It took six days to catch cabin fever. That's what the nurse called it when she asked me if I was suffering any pain and I told her no, just the pain of confinement. It's also called going stir crazy, but basically it just means you're bored out of your brain. It can happen for lots of reasons, but in Rabid's case it started with a sore knee, and a visit to the doctor for some magic pills.
But the doc wasn't having any of that, and we've been in a hospital bed ever since. It seems the sentence for being foolish enough to allow this situation to develop is one week's confinement with time off for good behaviour. Of course Rabid was never likely to qualify for time off if the requirement was being well behaved.
Apparently when your knee is the size of a football they don't hang about waiting for things to improve with Savlon and a Band-Aid. We know. We tried. However, the first few days in captivity are always entertaining, as with any new experience. But watching the local octagenarians trying to recover their health enough to escape the hospital halls soon left us hoping for a sudden early demise rather than succumbing to any lingering lurgy when our time comes.
The old girl in the next bed snores like a diesel tractor while the bloke across the way plays tuneful flatulence solos all night long. The back-passage trombonist combined with the diesel droner almost drown out the incessant beeping from the IV machines announcing their various problems, which can be due to a lack of fluids but sometimes it seems, they're just suffering plain boredom like their patients.
\In the background the elevators play a low mournful chime to announce their arrival, as though they're apologising for not disgorging sufficient visitors this trip. During the waking hours the nurses punctuate the boredom by dragging a machine which looks like a close cousin of WALL-E over to the bedside to measure our vital signs to make sure we haven't expired without them noticing.
Everything is automated these days. No more stethoscopes, stop watches, hand pumps nor glass thermometers under the tongue. Nope, now it's high-tech heaven in hospitals. Although the electronic ear thermometer does cause the doctors total confusion. They wave it around our ear and curse when they can't get a reading. The nurses don't have that problem. They just insert the cone in one ear then push until it protrudes from the other ear and they get a reliable reading every time.
At the start of every conversation the nurses and doctors make a point of asking us for our name and date of birth and whether we're allergic to anything. You'd think they could hire medical staff who weren't suffering from Alzheimers themselves.
One thing you can't complain about is the hospital food. We know. We tried. But it's nothing if not frequent. Every time you turn around - well, every time you roll over in bed - it seems there's another tray of food on the table. They give you a menu a day in advance to choose from, but what's delivered bears no resemblence to what you ordered. We reckon it's part of the plot to convince you you're not in full control of your faculties. Identifying the components provides some light relief, particularly since you have to do it without using your sense of taste. And no, there's nothing wrong with that particular function.
But the real problem is that we can't run a shop from a hospital bed. Not that we should have to of course, that's what the nephew's there for, but after a few days spent observing the inner workings of the healthcare industry we discovered there's no point trying to do a deal for some new PCs while you're on an IV drip. About the same time the nephew started hitting the shop walls - with his head. He started calling us on the mobile, which is strictly verboten here in healthcare hell, so we had to put the phone on silent ring, and pretend we were just using it to play Tetris under the covers.
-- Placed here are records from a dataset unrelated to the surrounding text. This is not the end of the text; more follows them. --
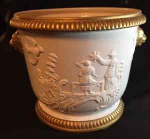 RARE chelsea house italian porcelain Oriental TWO Scene Gild Cashe pot LION MINT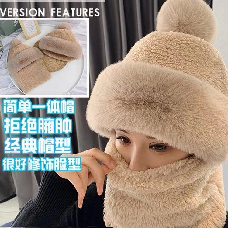 📚 帽子女士冬季新款保暖骑车防风面罩冬天防寒加厚护颈脖套围脖一体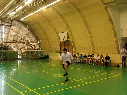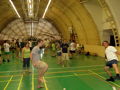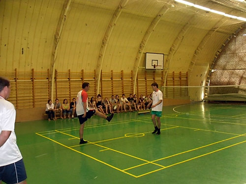 Az újszászi koncert délelõttjén a tornacsarnokba is ellátogattak a kórus tagjai, ahol a lábtoll-labdázással ismerkedtek. Tóth Gábor vezetésével (angol hangja Juhász István), Barta Martin, Farkas Balázs, Hartyányi Dániel, Herczeg Gábor, Juhász István és Oszlányi Mercédesz mutatták be a lábtoll-labdázást a vendégeknek, majd kezdetét vette a közös játék.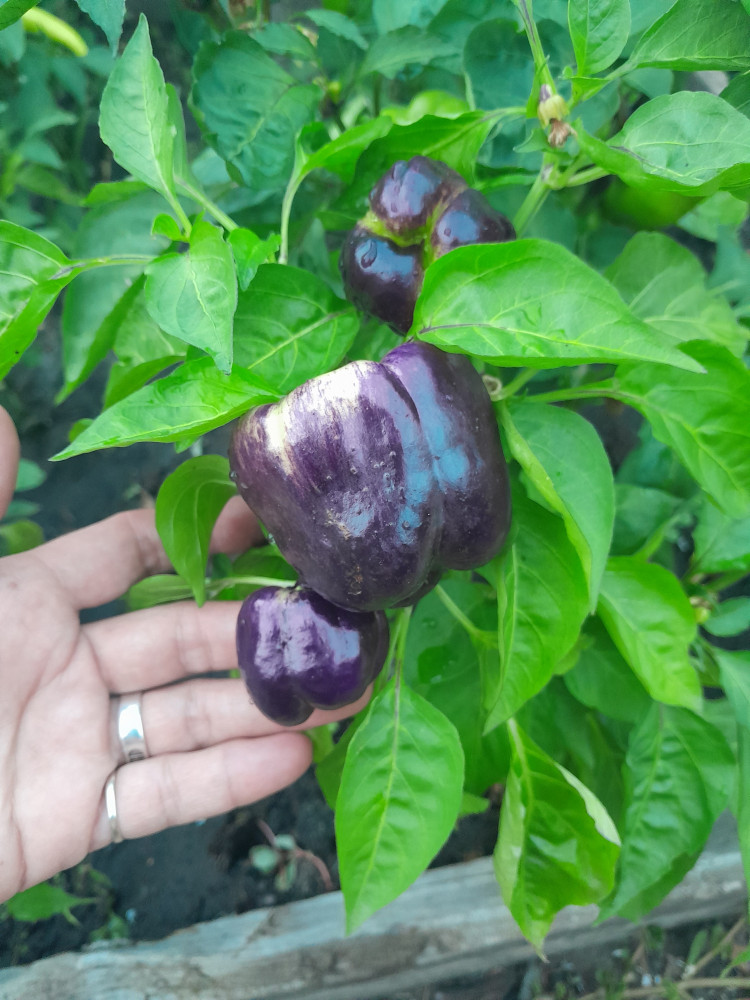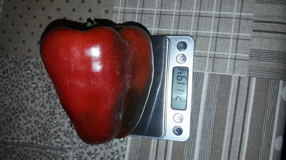 Отличный сорт. В биоспелости вишнево-красные. Урожайные и крупные сладкие, сочные перцы. Не ранний, но и не сказать чтобы сильно поздний. Сажала на рассаду 12.03, всхожесть была отличная (свежие семена), пикировка в начале апреля, в грунт 11.05 - был очень теплый и ранний май (обычно после 20-го мая), дней 5 стоял под укрывным, когда было похолодание с сильными ветрами в конце мая-начале июня до +5 ночных. Куст раскидистый, но не сильно высокий, хорошо облиствленный, листья темно-зеленые довольно крупные. Перчины крупные и мясистые. В биоспелости я пару штук снимала с начала августа, таких вот сняла штуки 3 с одного куста сегодня 11.08, то есть пошло массовое поспевание.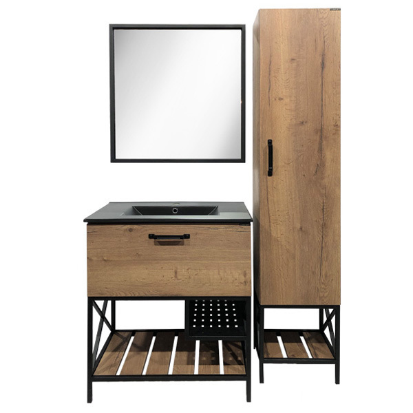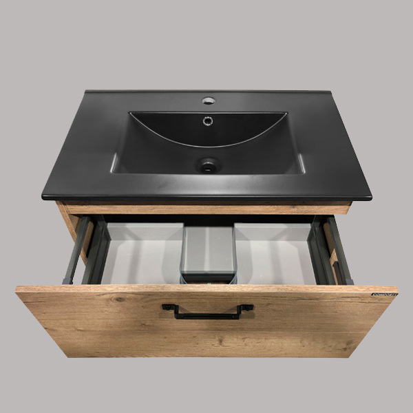 - Напольная тумба-умывальник с одним широким выкатным ящиком оснащенным системой плавного закрывания и пространствами открытого хранения.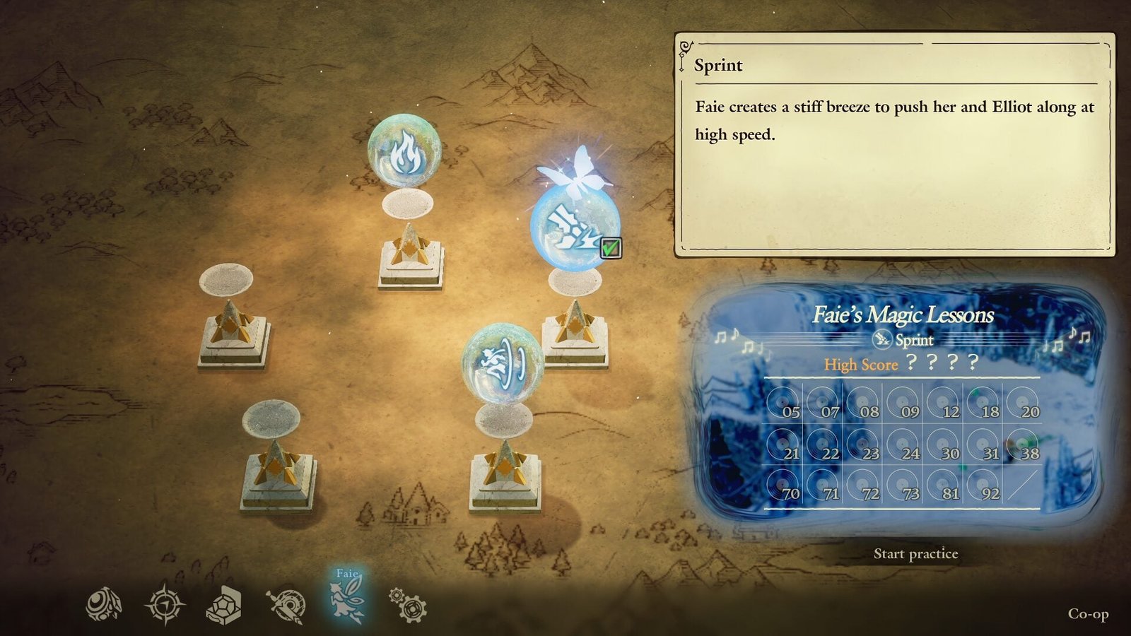 - Lições de Magia da Faie: Conforme os jogadores descobrem novas magias de fada para Faie, eles podem desbloquear minijogos opcionais conhecidos como Lições de Magia da Faie (Faie’s Magic Lessons). Ao aproveitar ao máximo uma habilidade recém-aprendida e buscar pontuações altas, os jogadores podem ganhar recompensas — principalmente registros que desbloqueiam faixas da trilha sonora do jogo no menu Música.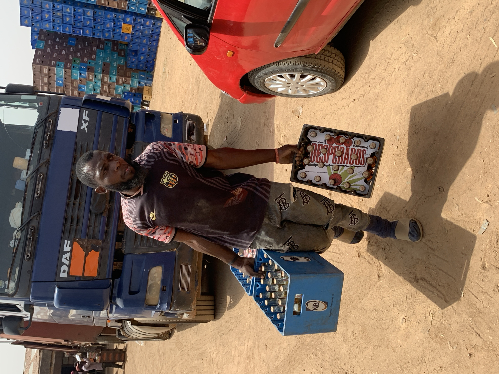 The image captures an outdoor commercial distribution scene in Bukuru, Nigeria, under bright daylight. A dark-complexioned adult male with a beard, wearing a dark short-sleeved t-shirt with an emblem and patterned sleeves, light-colored jeans adorned with repeated 'B' logos, and sandals, walks from the viewer's right to left across unpaved, dusty ground. He carries a blue plastic crate filled with bottled beverages, marked "NB" (Nigerian Breweries Plc), in his left arm. Simultaneously, he holds a black plastic tray containing bottled "DESPERADOS" beverages in his right hand. His shadow is prominently cast on the ground to his left. In the immediate background, a large dark blue DAF XF semi-truck is partially visible on the left, displaying its front grille and headlights. To the man's right, the front portion of a red car, including its passenger-side wheel and side mirror, is visible. The background features towering, organized stacks of various colored beverage crates (primarily blue and brown), some clearly marked "LEGEND" and "Guinness," indicating a significant storage or wholesale operation. In the far left background, another individual is faintly visible near a simple building with a corrugated metal roof. The sky overhead is light and hazy.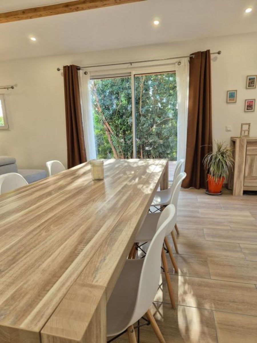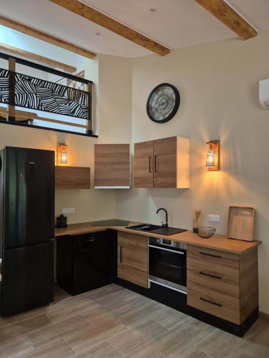 Au rez-de-chaussée, vous trouverez une pièce de vie lumineuse et climatisée avec cuisine ouverte entièrement équipée (four, micro-ondes, plaque à induction, lave-vaisselle, réfrigérateur, congélateur, bouilloire, cafetière italienne avec percolateur), un salon avec canapé d'angle et télévision, une salle d'eau avec double vasques et douche à l'italienne, ainsi que deux chambres :
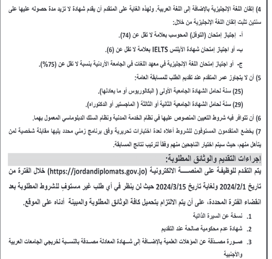 الخارجية تعلن عن إجرائها المسابقة العامة لاختيار ملحقين دبلوماسيين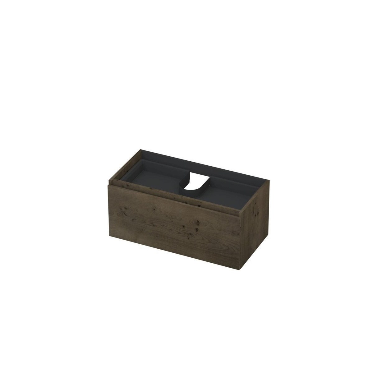 INK Fineer Wastafelonderkast - 90x45x40cm - 1 lade - binnenlade - greeploos - houten keerlijst - MDF Fineer - Charcoal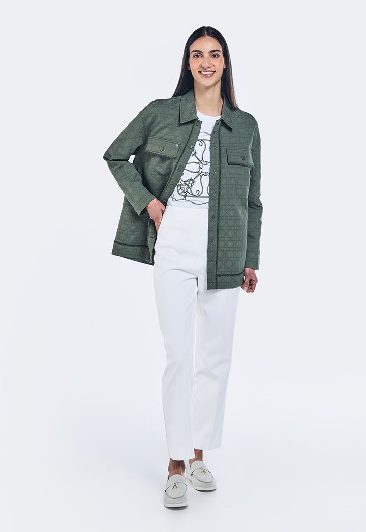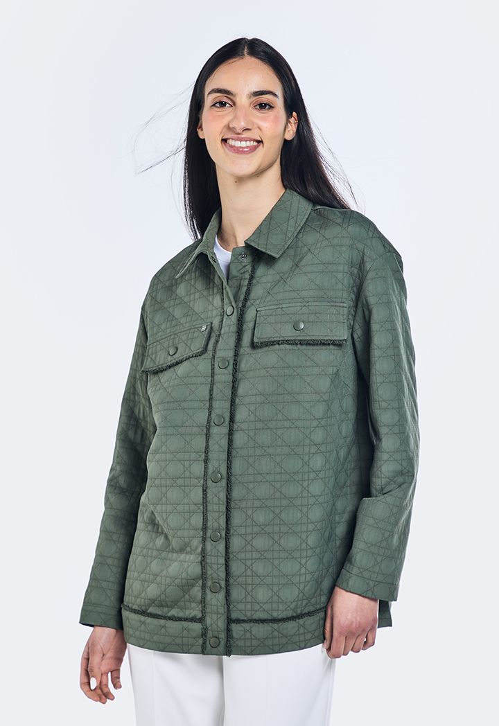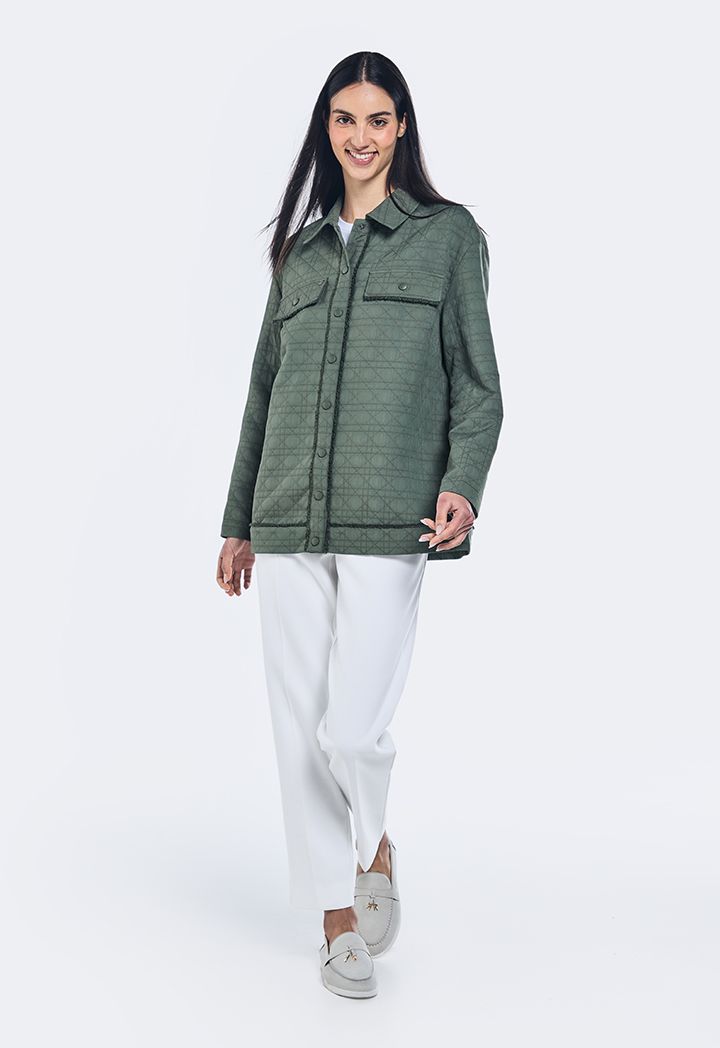 Add more Modern pieces to your collection by pairing this Jacket. It is designed with a Faux Pockets that add to its appeal.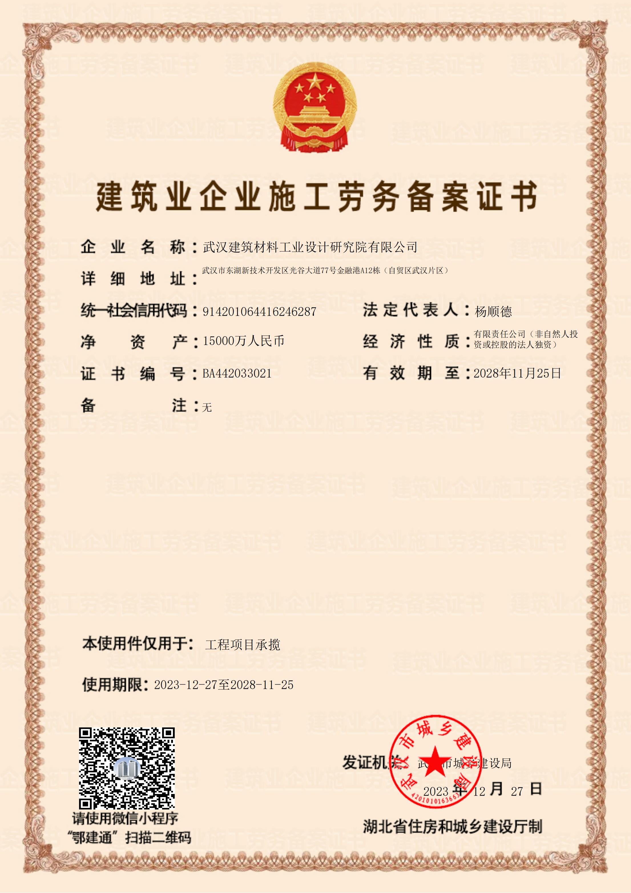 建筑企業施工勞務備案證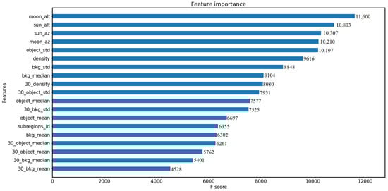 To analyze the relative importance of the input features, we calculated the number of times each feature appears in all decision trees and plotted the results in Figure 11. The more times a feature is used to construct a decision tree, the more important it is. As shown in Figure 11, it is clear that the elevation angle of the moon has the highest importance score in the cloud-distribution classification. The reason is that when the moon is present, the edges and details of low-luminosity clouds become blurred and difficult to observe. Furthermore, the moon’s brightness severely changes the background of the sky, reducing the observable magnitude and making astronomical observations unimplementable.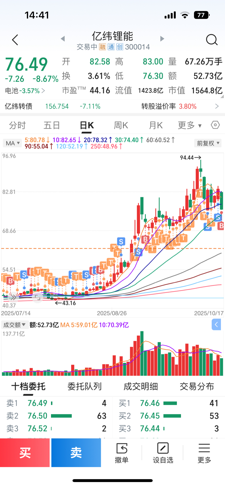 $亿纬锂能(SZ300014)$ 又是赚股不挣钱的一天
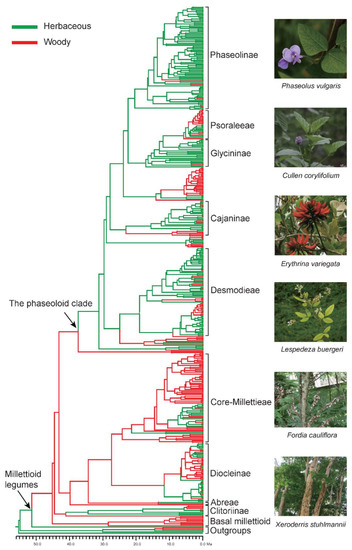 Habit shift analysis of the Millettiod legumes. Green represents herbaceous; red represents woody. Images are representative species from the Millettiod legumes.

Pretty soon the battery got eaten out so we resorted to texting instructions. It took a whole day to realise the nephew was taking our predictive text-based instructions literally so we're not looking forward to seeing the stock situtation or even some of the things he's ordered.
But we're getting out of here tomorrow come what may. And it's not because the infection's all cleared up either. When you start looking forward to the hopsital food they just expel you before they find themselves in breach of some United Nations convention or other.
Gotta go! WALL-E's cousin approaching!